--- Exercise details ---
Ignoring every picture, return the lines of the listing below word for word, from the line that holds "До последней четверти" through the line that holds "ابن جوصا: أحمد".
------ Record set ------
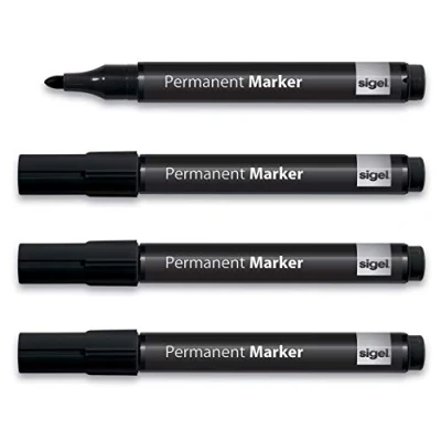 Writes perfectly on paper, plastic, static notes, transparency film, etc.: ideal for taking quick notes during presentations and training sessions Permanent: smudge-proof and water-proof Good coverage - the writing is clearly legible Marker with fast-drying cap-off ink - the pen does not dry out even if the lid is left off 4 Black pens with 1-3 mm round nib
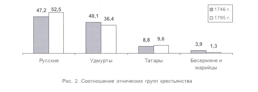 До последней четверти XVIII века население Удмуртии в большинстве своем было крестьянским. По этническому признаку сельское население распределялось на русских (самая многочисленная группа), удмуртов, татар, бесермян и марийцев (самая малочисленная группа) [1, c. 110]. В течение XVIII века продолжалось активное освоение русским крестьянством территории расселения удмуртов, что отчасти ускорило процессы русификации и христианизации удмуртов.
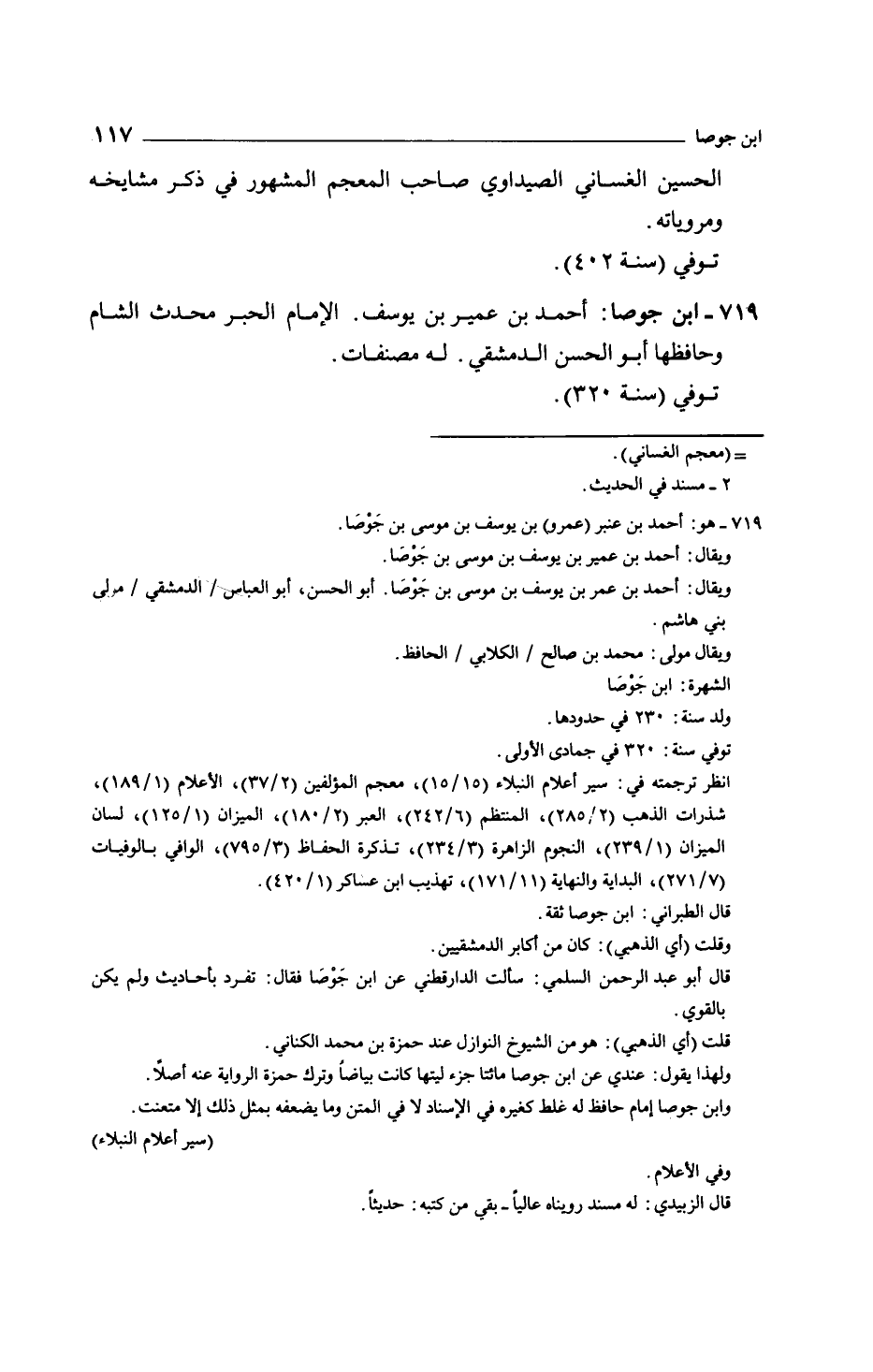ابن جوصا: أحمد بن عمير بن يوسف. الإمام الحبر محدث الشام وحافظها أبو الحسن الدمشقي. له مصنفات.
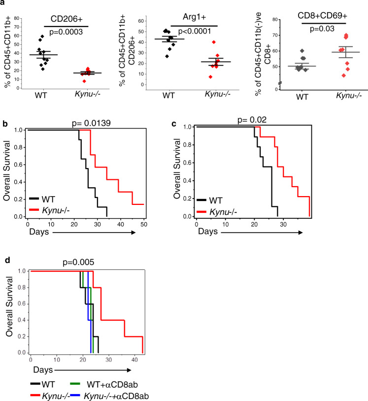 There has been considerable scientific effort dedicated to understanding the biologic consequence and therapeutic implications of aberrant tryptophan metabolism in brain tumors and neurodegenerative diseases. A majority of this work has focused on the upstream metabolism of tryptophan; however, this has resulted in limited clinical application. Using global metabolomic profiling of patient-derived brain tumors, we identify the downstream metabolism of tryptophan and accumulation of quinolinate (QA) as a metabolic node in glioblastoma and demonstrate its critical role in promoting immune tolerance. QA acts as a metabolic checkpoint in glioblastoma by inducing NMDA receptor activation and Foxo1/PPARγ signaling in macrophages, resulting in a tumor supportive phenotype. Using a genetically-engineered mouse model designed to inhibit production of QA, we identify kynureninase as a promising therapeutic target to revert the potent immune suppressive microenvironment in glioblastoma. These findings offer an opportunity to revisit the biologic consequence of this pathway as it relates to oncogenesis and neurodegenerative disease and a framework for developing immune modulatory agents to further clinical gains in these otherwise incurable diseases.
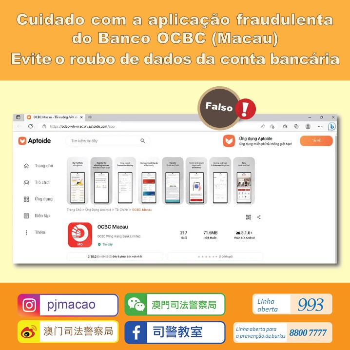 Hoje a PJ foi informada pelo Banco OCBC (Macau) que foi descoberta uma aplicaçao falsa do banco numa plataforma de download de apps de terceiros. Como o nome, o ícone e a interface desta aplicação são muito semelhantes ao do oficial, os criminosos podem aproveitam esta aplicação de phishing para roubar os dados das contas bancárias das pessoas.
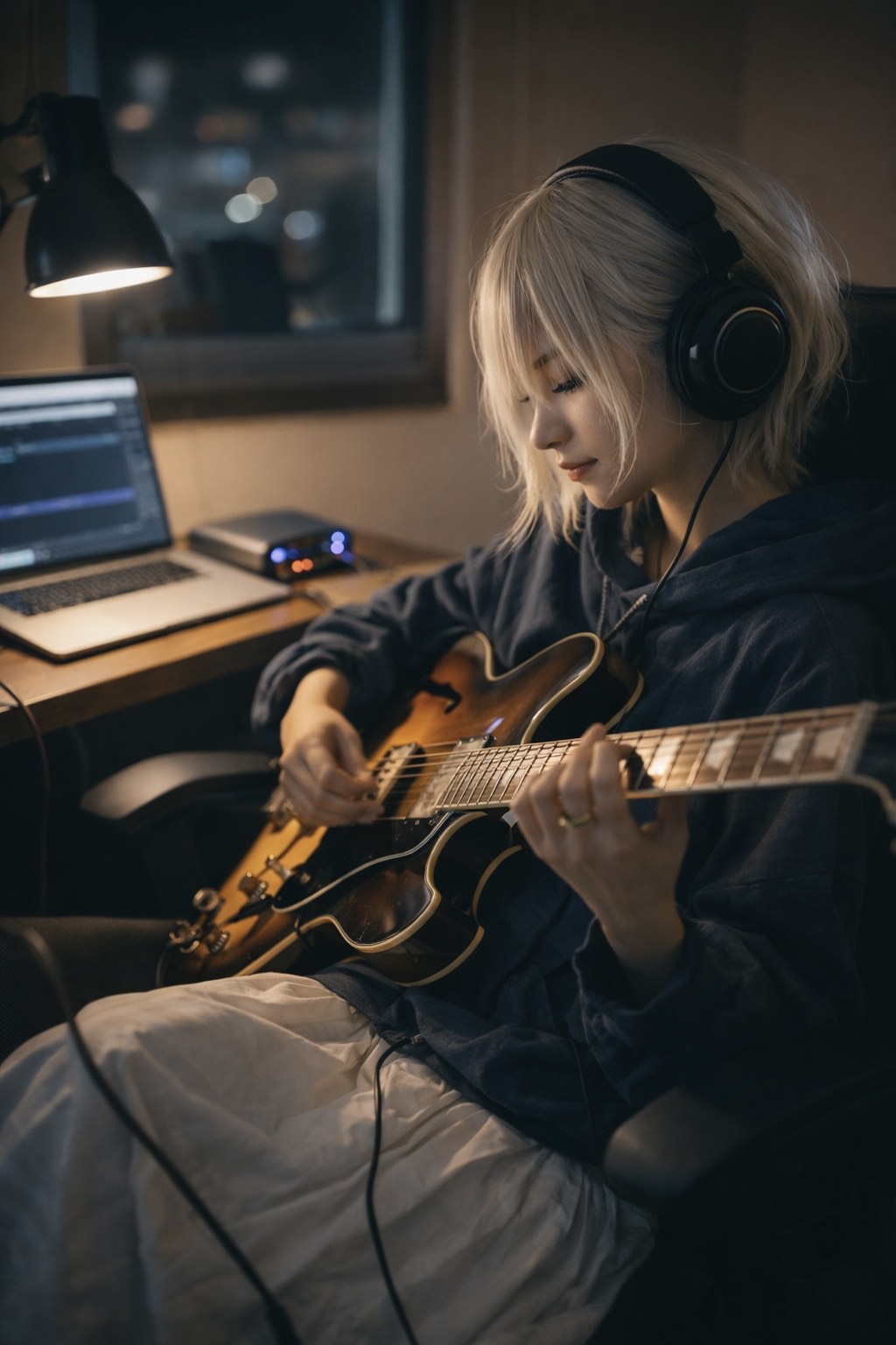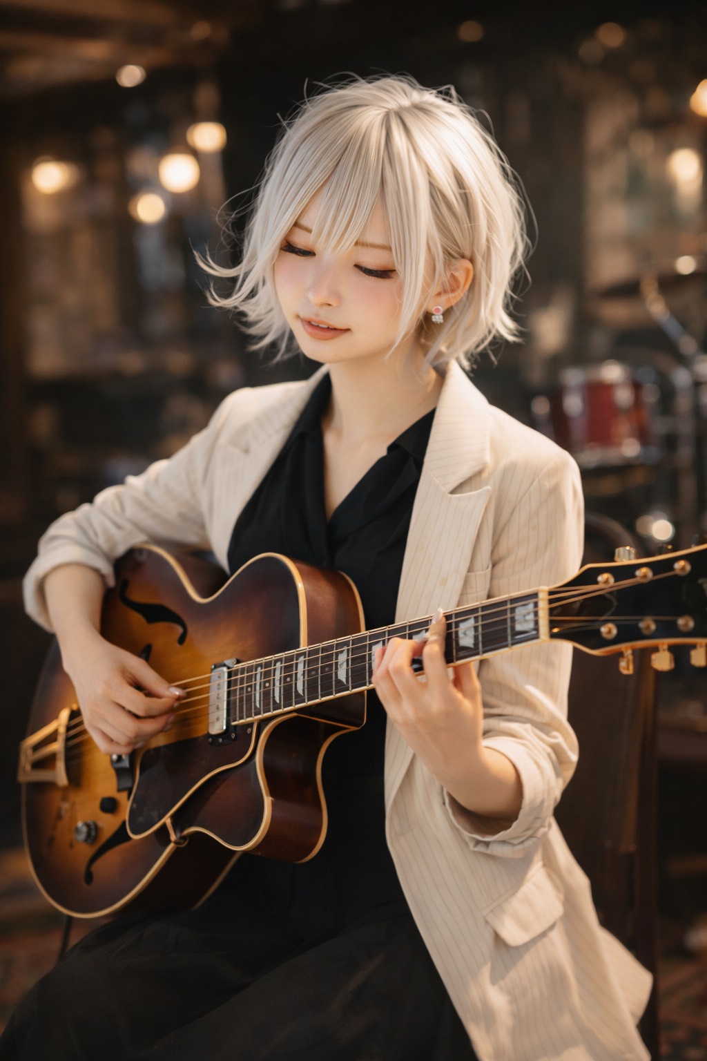 jazz, Ultra-intimate live-trio illusion: solo jazz guitar recorded close-mic’d, warm archtop tone with roundwound detail, Walking bass and chord melody weave beneath a smooth, smoky female vocal, Tempo in a lazy medium swing; verses sparse and conversational, choruses bloom into richer extensions and chromatic voice-leading, Occasional natural harmonics and sliding chordal fills answer vocal phrases, Roomy, club-like ambience; vocal dry and upfront with subtle plate sheen, rich, tone, smooth, fluid, vocal, minimal, sophisticated, harmony, fingerstyle
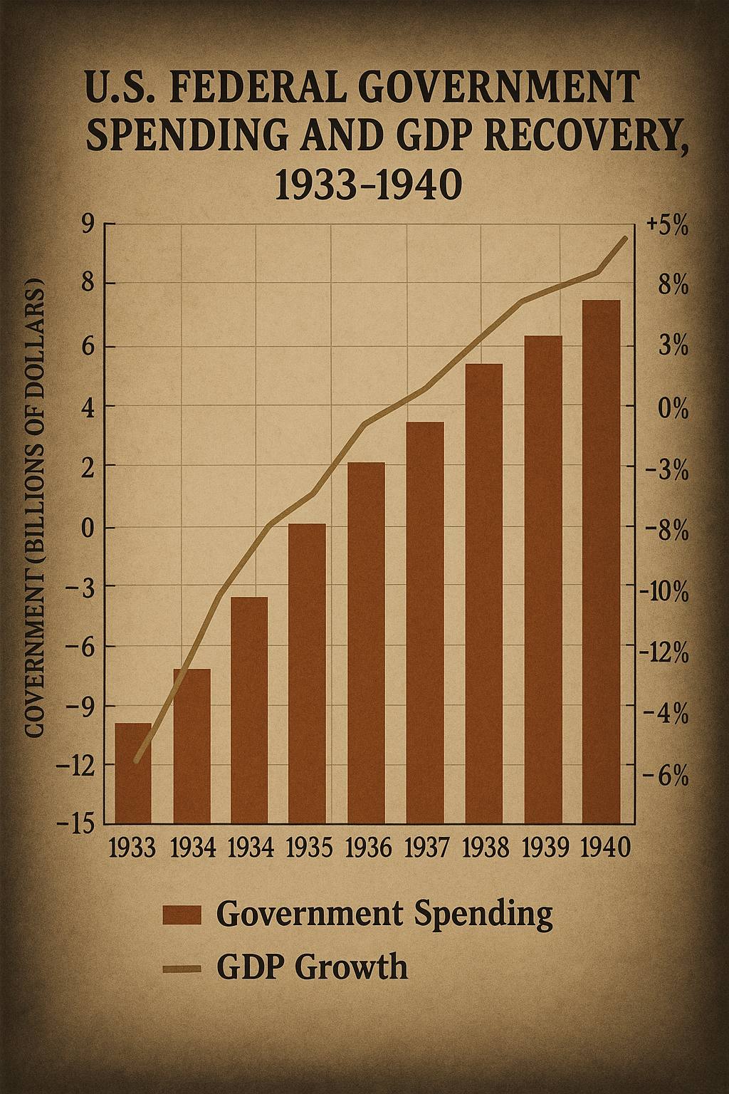 뉴딜 정책의 핵심은 **적극적 재정 정책(Active Fiscal Policy)**이었다. 연방정부 지출은 1933년 46억 달러에서 1939년 92억 달러로 두 배 증가했다⁵. 이는 GDP 대비 9.8%에서 10.5%로 상승한 것이다.
------
--- Written reply ---
 До последней четверти XVIII века население Удмуртии в большинстве своем было крестьянским. По этническому признаку сельское население распределялось на русских (самая многочисленная группа), удмуртов, татар, бесермян и марийцев (самая малочисленная группа) [1, c. 110]. В течение XVIII века продолжалось активное освоение русским крестьянством территории расселения удмуртов, что отчасти ускорило процессы русификации и христианизации удмуртов.
ابن جوصا: أحمد بن عمير بن يوسف. الإمام الحبر محدث الشام وحافظها أبو الحسن الدمشقي. له مصنفات.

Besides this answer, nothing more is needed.